Bartender en el mejor sentido de la palabra porque un una pollería no son muchos los cócteles que la gente pide, si lo comparamos con los litros casi infinitos de chicha dulzona que se empujan los comensales, para hacer el maridaje perfecto, con alguna avestruz de triste destino.
Traer baldes interminables de la maldita chicha, preparar algunos tragos en tiempo record, escuchar a los mozos apurarte más rápido de lo que crees tú que estás, no tiene pierde para mandar todo al carajo, y celebrar tu actual estado.
Comencemos por los primeros días de tímido barman. Días en los que salía casi de madrugada y con toda la ropa mojada por los endiablados vasos chicheros que lavaba y rompía más de una vez.
No puedo negar que con el tiempo me convertí en una especie de máquina creada para preparar tragos y tener toda la barra limpia a la vez. Pero el vacío era algo que no hacía que me resignara a anclarme en ese puesto. Con el tiempo mi disgusto se trasladó del cerebro a las manos, y el tener que hundir mis brazos en detergente cada cinco minutos, me producía cierto malhumor que si bien era pasajero y hasta soportable, se hacía más incómodo cuando levantaba la mirada y veía que mi trabajo se iba por la basura, ante la torre de vasos y jarras que se iban apilando en la barra y parecían burlarse de mí.

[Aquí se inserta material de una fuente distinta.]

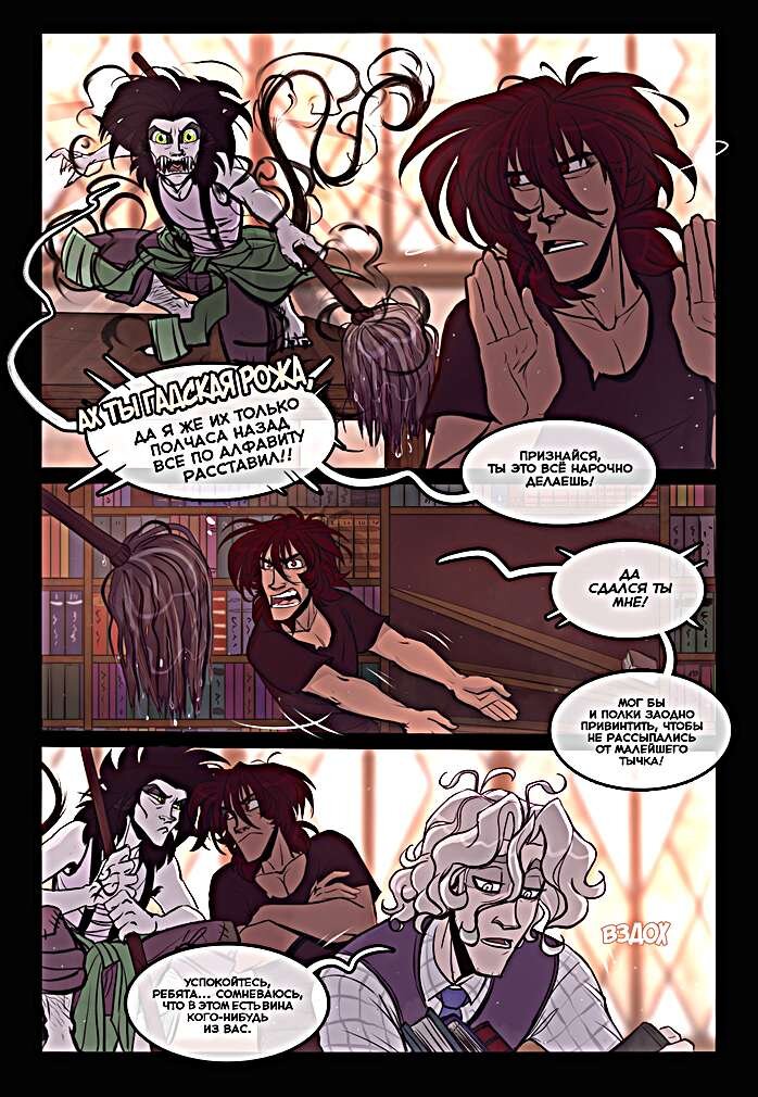 Действие истории разворачивается в Мехбурге, в приюте по воспитанию трудных подростков, в мире, где магия - обыденная часть жизни. Большинство людей - колдуны, есть также звероморфы, которые мирно сосуществуют с ними. Ведь использовать свою магию, чтобы кому - то навредить нельзя. В чём неоднократно приходится убеждаться новенькому, Эйдану Джонсу (Эйджею) - огнетворцу. Но что поделаешь, если в приюте ему то и дело угрожает опасность? "Четыре Колдуна" - это вселенная комиксов, где причудливо соединяются стимпанк и хулиганское фэнтези. Наука и технологии развиваются параллельно с магией. Авторы комикса - российские художники - SickRogue (Больной) и WildRose (Дикий). Вместе, два друга в паблике Sick&Wild рисуют комиксы и фанарты. Возрастное ограничение 13+. Но я всё же проведу небольшую цензуру, ведь сложные подростки порой грязно ругаются... Оригинал можете глянуть в любое время на vk.com и acomics.ru. Прошлые части истории: В прошлых выпусках Эйдан подвергся ночному нападению какого-то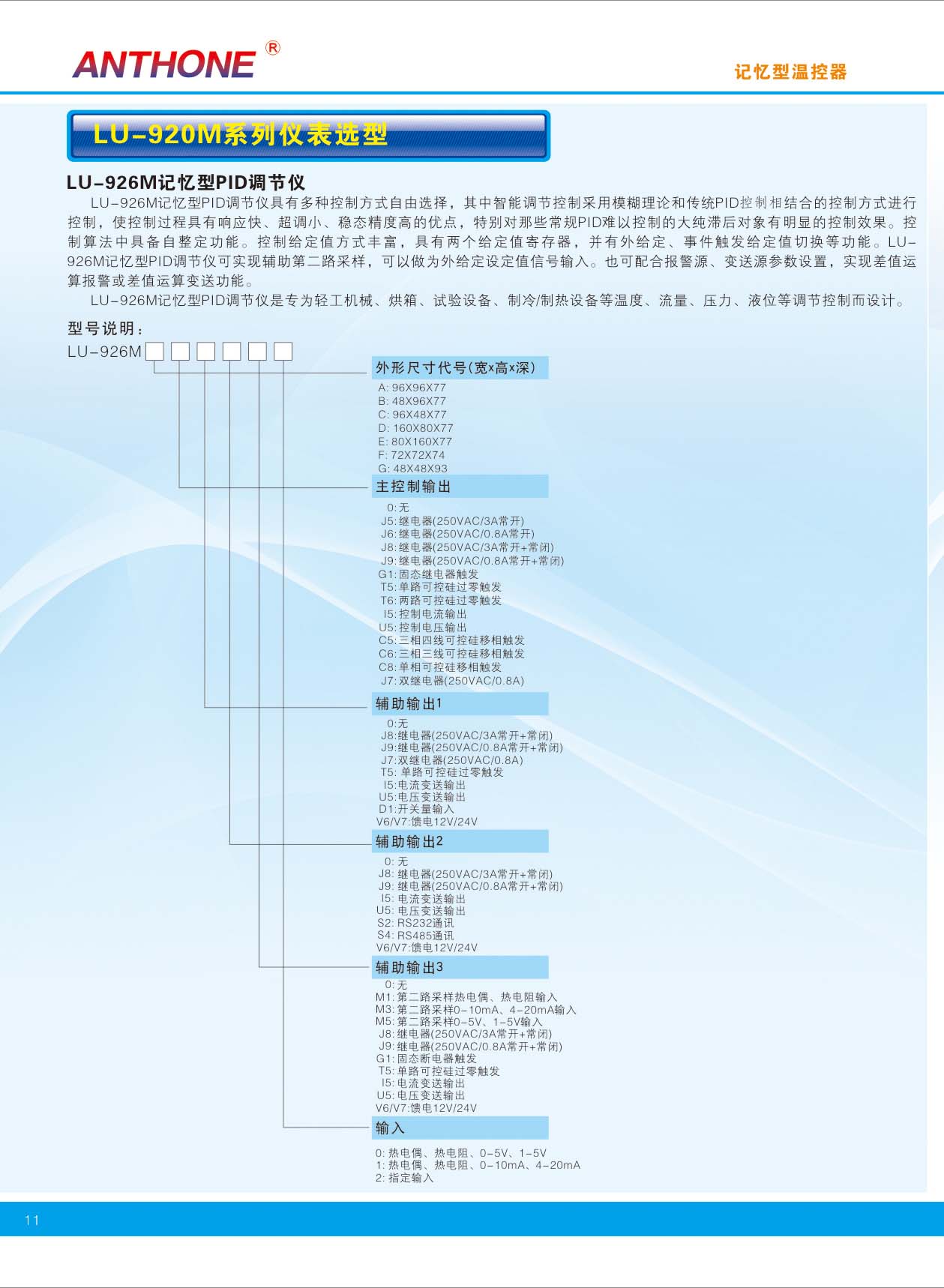 LU-926M智能調(diào)節(jié)儀是一種采用全新設(shè)計理念的高性能、高可靠性智能型工業(yè)調(diào)節(jié)儀表。專為輕工機(jī)械、烘箱、試驗設(shè)備、制冷/制熱設(shè)備等溫度、流量、壓力、液位等調(diào)節(jié)控制而設(shè)計。廣泛應(yīng)用于化工、陶瓷、冶金、石化、熱處理等行業(yè)。

Pero no fueron ni los interminables vasos, ni el detergente que se ensañaba con mis manos, lo que motivó mi renuncia intempestiva, hubo una situación que fue la cereza en el pastel.
Encontrábame yo en mi rutina de lavar vasos a y preparar tragos cuando-maldita sea-una jarra escurridiza se me escapa de las manos y se hace añicos. Cómo habrá sido el corte que los vasos sucios se empezaron a teñir con mi propia sangre. Inmediatamente me retiré de la barra en busca de agua y alcohol para determinar la profundidad de mis heridas, lo que apenas podía ver debido al flujo constante de sangre.

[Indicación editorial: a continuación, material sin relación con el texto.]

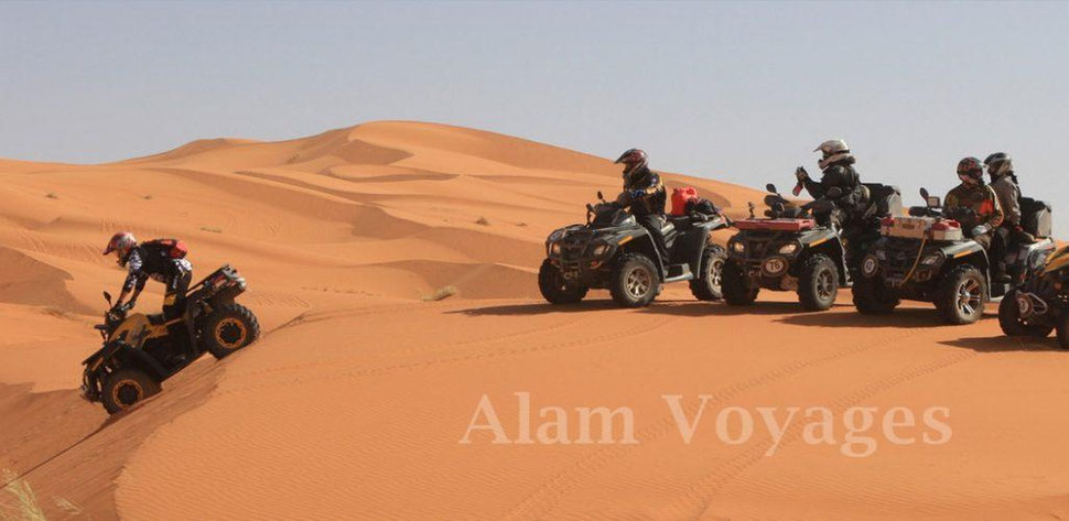 Pour les fans du quad et les amoureux de l'adrénaline... voici le circuit qu'il vous faut... Une randonnée de quelques jours en plein désert pour traverser les dunes de sable à perte de vue...l'Erg comme le Reg ... Un mix de découverte, de paysages et d'aventure rien que pour vous... Entre bonnes mains accompagné d'un guide agréé par l'office de tourisme et d'un guide de quad qui connaît le désert comme le fond de sa poche! Le permis n'est pas obligatoire, mais des connaissances de base pour maîtriser un quad est nécessaire.
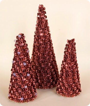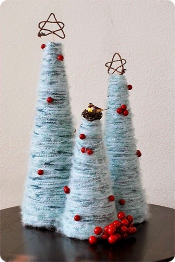 Estos árboles de lana quedan muy chulos, necesitamos conos de varios tamaños (se pueden hacer de cartulina), lana y abalorios para colocar sobre el árbol. Para verlo en detalle, clic aquí. En ésta página puedes encontrar más tipos de árbol y un vídeo con el paso a paso.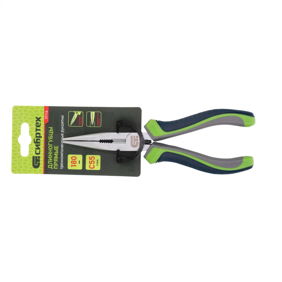 Длинногубцы прямые, 180 мм, трехкомпонентные рукоятки Сибртех 17114

Ya que las herramientas de mi trabajo eran mis manos, al igual que el de un futbolista son sus pies, supuse – error mío- que mi lesión era más que suficiente para retirarme a mi lecho. Así que esperé al administrador, con algunos de mis dedos vendados y con el desgano que tenía tras el accidente.

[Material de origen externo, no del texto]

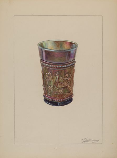 This is Ralph Atkinson’s painted vase. Notice the dominant use of blue, and the vessel’s shape. This choice evokes the ancient world, reminiscent of vessels used in classical Greece for wine or oil. The vessel is adorned with stylized motifs. We see the "eye" motif which appears throughout history, from ancient Egyptian amulets to Renaissance paintings, often serving as a symbol of protection, or divine presence. The golden floral patterns, delicate and repetitive, evoke ideas of growth and prosperity. Consider how such vessels, across cultures, were central to rituals, conveying not just function but status, value, and sometimes magical properties. Atkinson seems to be invoking these ancient echoes, reminding us of the timeless human impulse to imbue objects with meaning. The eye motif, and its function as a signifier for protection, shows a cyclical journey through diverse cultures. Atkinson uses the vase as a vessel, not only of liquid, but of cultural memory.
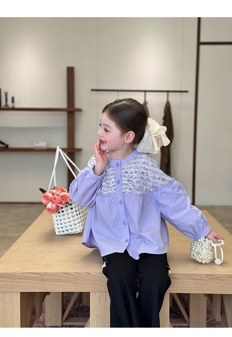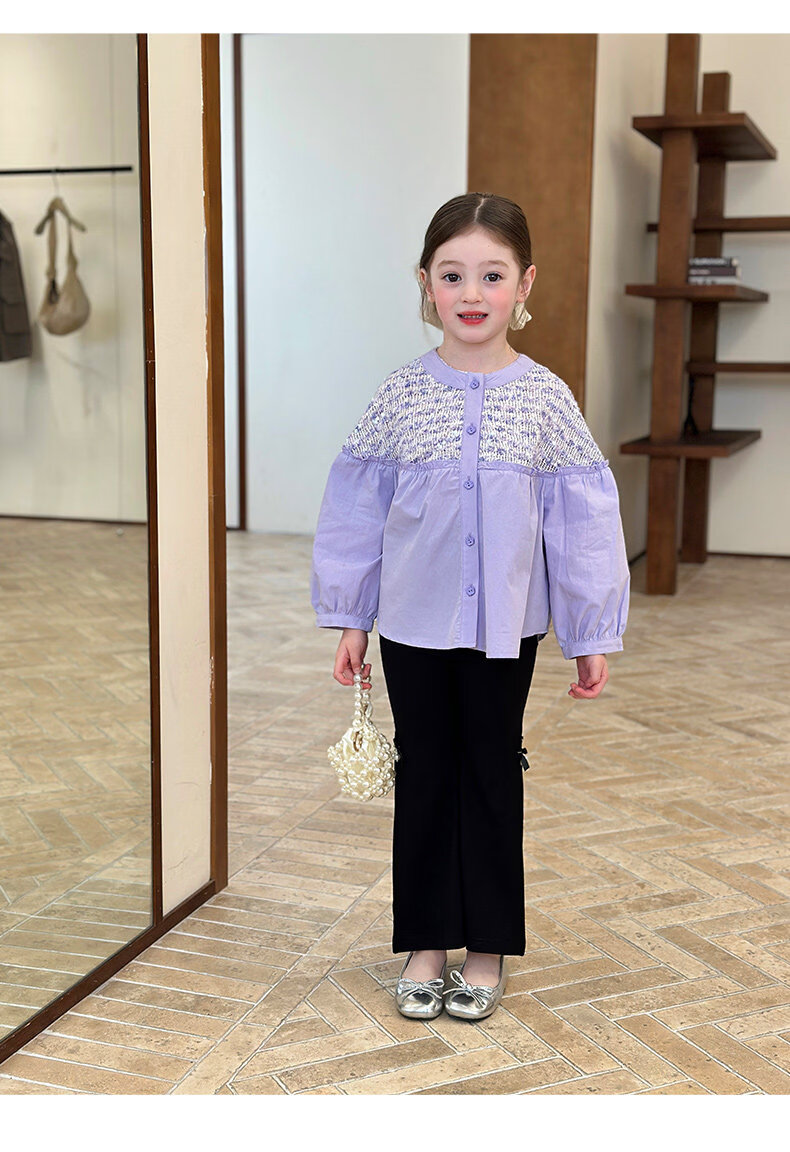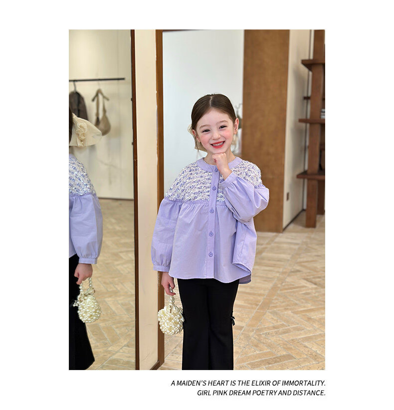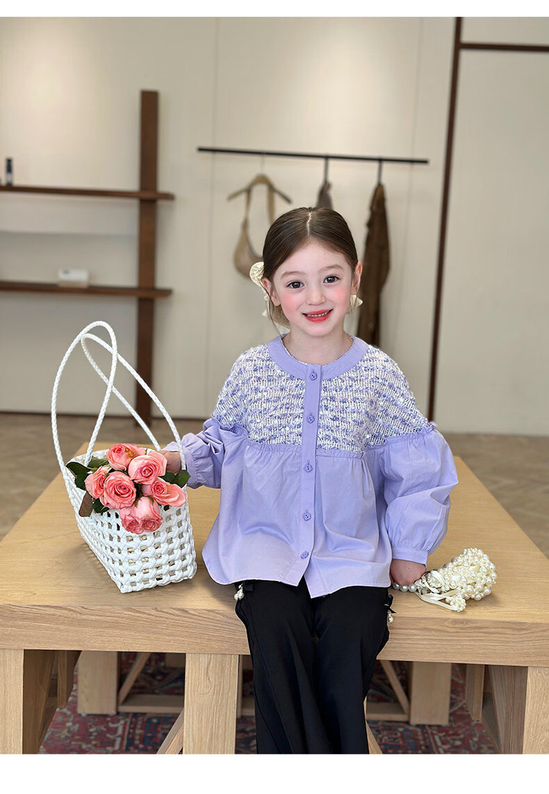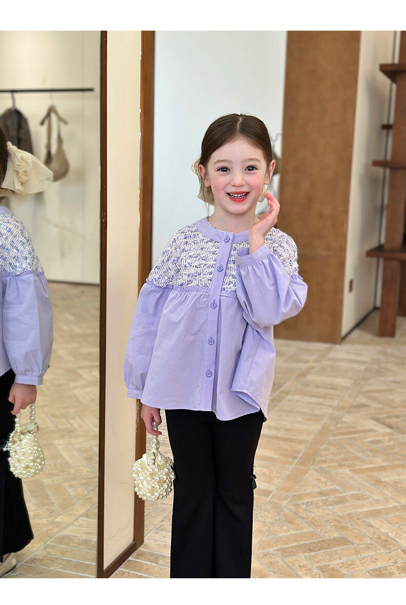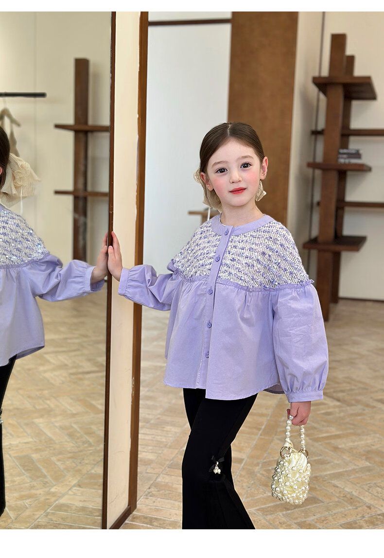 栀了成长记童装女童小香风圆领衬衫2026春季儿童新款甜美撞色上衣 紫色 衬衫 110 cm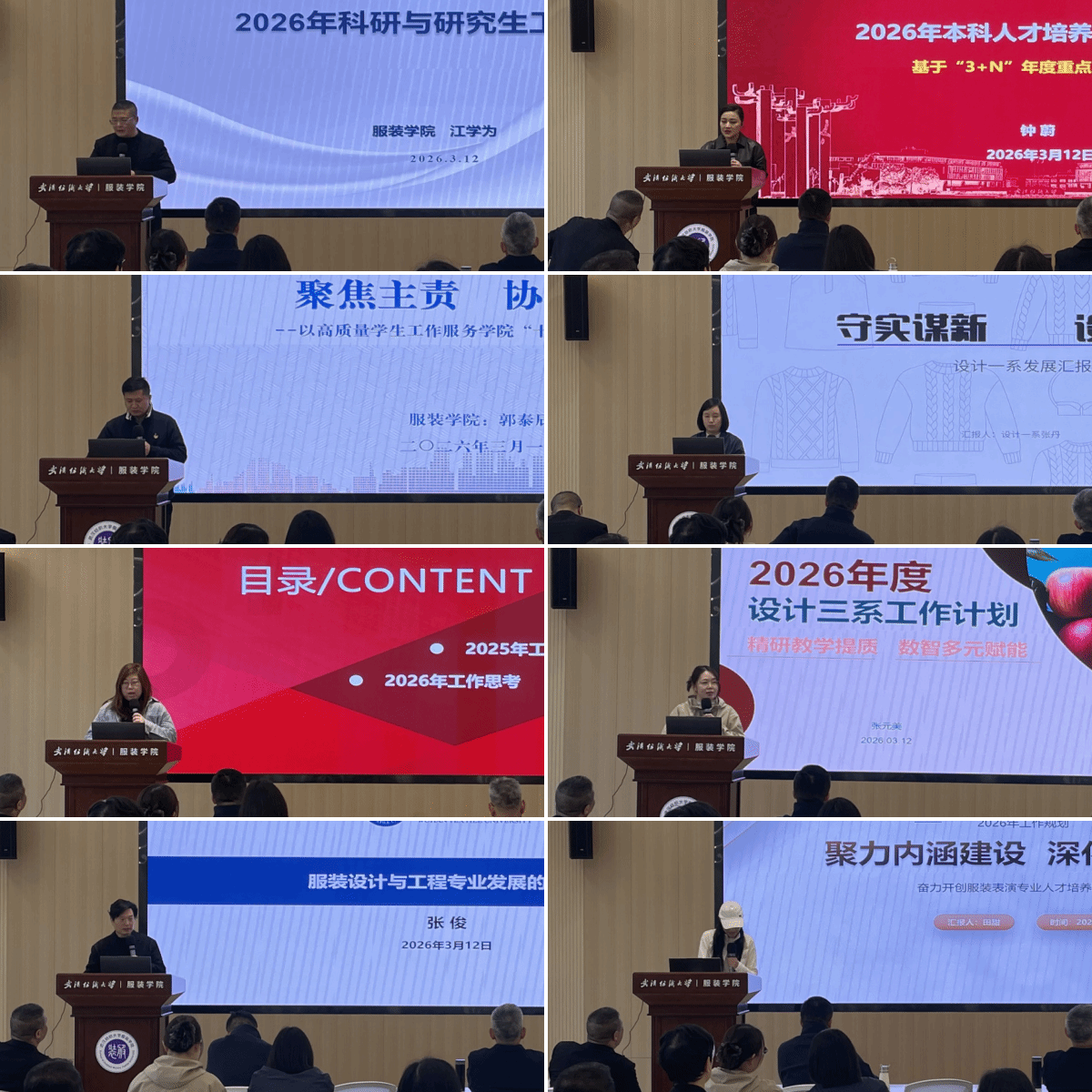 各系部主任立足专业特色与发展实际积极建言。设计一系主任张丹强调行业对接与动态课程调整;设计二系主任郭梦娜系统总结去年工作并部署新年计划,着力破解招生就业难点;设计三系主任张元美围绕优化教学、提升招生就业质量、深化产教融合规划发展;服装工程系主任张俊分析行业变革趋势,提出专业发展新方向与落地举措;表演系主任田甜则规划了以提升培养质量、强化实践就业、打造专业特色为核心的发展路径。

No sé cuánto tiempo estuve esperando al bendito administrador, pero cuando llegó, a lo mucho miró mis heridas, me dio unas palmaditas, y de frente me mandó a seguir trabajando. Cuando le traté de explicar que me ardía y que ya no podía tener contacto con el agua ,me señalo, mientras silbaba, una caja donde había guantes quirúrgicos, como diciendo, “problema solucionado”. Contuve la respiración y forcé para que los guantes entraran a mis manos, a pesar de la dificultad debido al vendaje.
Claro que la decisión de no volver a presentarme jamás a ese empleo lo hice sabiendo que no tengo hijos y que el trabajo no era el mejor. Pero durante días me he preguntado por qué el pelotudo administrador no me dejó ir, y ahora entiendo que si yo me salía a destiempo, así esté con una herida leve aunque fuera molesta, eso iba a ser visto como relajo por los demás, y es que, las normas son las normas, ¿verdad, jefe?